Competency Question
A competency question is a test question you write before building an ontology or a theory to make sure the ontology/theory will be able to answer the kinds of questions the stakeholders of a system care about and need the ontology/theory to answer. A competency question is both a specification for what needs to exist in an ontology/theory and an acceptance test for the constructed ontology to make certain epistemic risk is minimized.
A competency question is a mistake proofing tool. A competency question is a lot like a unit test and the notion of extreme programming which is referred to as test driven development. The use of competency questions is an ontology engineering best practice.
I became aware of the notion of the competency question from the article The Question is the Contract by Jessica Talisman. I became aware of extreme programming and Agile software development probably 20 years ago from a software engineer. The importance of these proactive approaches I learned in college when I was studying for my MBA where I learned about what is currently referred to as Lean Six Sigma. All these things are part of what people refer to as "Agile Accounting".
The fundamental idea is that it is better to spend the time to build a system correctly than it is to not do so and then to have to fix mistakes or deal with the ramifications or fall out of mistakes made. This video explains why all this is important, understanding the true cost of quality.

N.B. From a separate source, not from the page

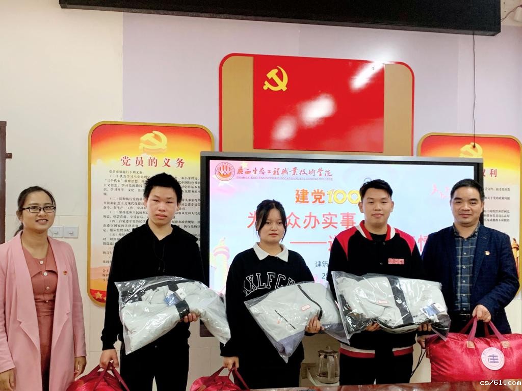学院领导班子与贫困学生代表开展面对面交流、心贴心解难、手拉手帮扶,并与他们谈心,不断给予他们温暖和鼓励,鼓励他们自强不息,叮嘱他们要树立信心,把暂时的困难当做学习的动力,树立目标,坚信自己一定能走出困境,努力学习,掌握专业技能本领。告知他们,学校的老师们会作为他们生活的知心人、成长路上的引路人、心理健康的疏导人,在学校学习生活遇到困难要及时反馈,老师们会尽最大的努力给予帮助,帮助他们健康成长。随后给学生代表送上了尽心准备的暖心的衣服和棉被,在冬天即将来临的时刻送上最实在的温暖。
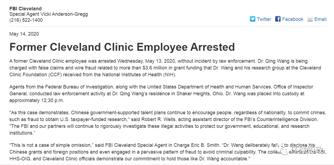 昨日,美国司法部宣布,美国克利夫兰诊所(Cleveland Clinic)前雇员王擎周三在家中被捕。他被控“电信诈骗和虚假陈述”,涉及其从美国国立卫生研究院(NIH)获得360万美元的拨款有关。刑事起诉书显示,王擎为中国政府资助的“千人计划”学者。据不完全统计,近一周,这已经是第三位著名华人科学家在美被逮捕、判刑。 据百度百科词条(2020-2-26日最后修改更新)和华科创新研究院资料显示:王擎,甘肃省定西市陇西县云田镇人,现任华中科技大学教授,长江学者,华中科技大学生命科学与技术学院院长、教育部Cardio-X"长江学者"创新团队负责人,分子生物物理教育部重点实验室主任。华中科技大学人类基因组研究中心主任、美国克利夫兰临床医院心血管遗传中心主任。美国科学促进会会士。 王擎1984年毕业于甘肃农业大学农学系,于1993年获美国常春藤(Ivy League)八大名校之一的康奈尔大学(Cornell University,美国纽约)遗传学和发育生物学专业博士。1991年考入中国农业科学院研究生院,两年后赴美学习,在康乃尔大学获博士学位。在美国克利夫兰州立大学从助理教授做到正教授,2001年任克利夫兰临床医院心血管遗传中心主任。王擎主要研究冠心病、脑卒中、心率失常、房颤、先心病、高血压、肺动脉高压等疾病的遗传与分子机制、精准诊断与治疗等。已发现14个人类疾病基因,共发表学术论文210多篇,包括2篇Cell、3篇Nature、2篇Science和5篇Nat Genet,单篇被引用超1000次论文3篇。近5年发表论文61篇,包括Nature, Nature Genetics, American Journal of Human Genetics, PLoS Genetics, Blood, PLoS Biology, Human Molecular Genetics, Stroke 等高水平论文。在研项目包括2项973可以,2项国家基金委重点项目,1项国家基金委重大研究计划培育项目,1项湖北省自然基金重点项目,1项湖北省医学领军人才项目,和2项和国际500强制药公司合作项目。网址:http://ii.hust.edu.cn/info/1008/1336.htm#

Accounting can learn and benefit a lot from Lean Six Sigma, Agile software development, and ontology engineering best practices such as the competency question. In particular, new modern accountancy needs to be built out embracing these sorts of ideas.
Ask yourself this question related to traceability and provenance considering the total cost of quality: In your current accounting system, can you follow a financial transaction all the way back to the business event that spawned the transaction and then forward again to the exact financial statement line item where it ultimately appears? And can you also start at any financial statement line item and drill down to the full set of underlying business events and transactions that roll up into that reported amount? If you can’t move effectively and confidently in both directions; from summary to detail and from detail back to summary; what exactly is preventing that?
Semantic fragmentation refers to the phenomenon where the meaning, definitions, understanding, or context of information become scattered, inconsistent, incomplete, or siloed across different systems, teams, software applications, or spreadsheets.
Think about something. Gartner points out that the average Fortune 1000 company uses 800 spreadsheets to create the compliance report ultimately submitted to a regulator. Those 800 spreadsheets are connected by what some refer to as a "bucket brigade" of human and computer based processes. Traditional electronic spreadsheets are known for their propensity to contain errors; this is well understood.
This situation is so bad that the United States Congress passed the Sarbanes Oxley Act which in part requires public companies that report to the Securities and Exchange Commission to explain their systems. Sarbanes Oxley addresses the symptoms that cause this problem. But Sarbanes Oxley does nothing to address the conditions which cause the symptoms.
These data and information related issues are not unique to financial accounting and reporting.
This situation is getting so bad, some want to change the "1-10-100" rule to the "10-100-1000 Rule". Particularly in this coming age of artificial intelligence, the failure to address data and information quality issues can be extremely costly and lead to slow responses to data/information requests because they have to perform what amounts to janitorial work such as overcoming that semantic fragmentation. Even worse; bad data/information might be used unknowingly resulting in flawed understanding resulting in flawed insights and ultimately to very costly flawed decisions.
Proactively applying tools such as competency questions and other such practices when constructing things like ontologies or theories is sometimes caused by the false belief that those proactive steps "cost too much". But most of the time it is simply ignorance that the technique even exists.- Scoping (SCQ): What "things" belong in this subject domain?
- Foundational (FCQ): What types and parts of things belong in the subject domain? (a.k.a. classification)
- Relationship (RCQ): Clarify the nature of the connections between the things, types, and parts.
- Metaproperty (MpCQ): What essential properties do things have?
- Validating (VCQ): Does the subject domain know what it is supposed to know and has that knowing been proven using unit tests?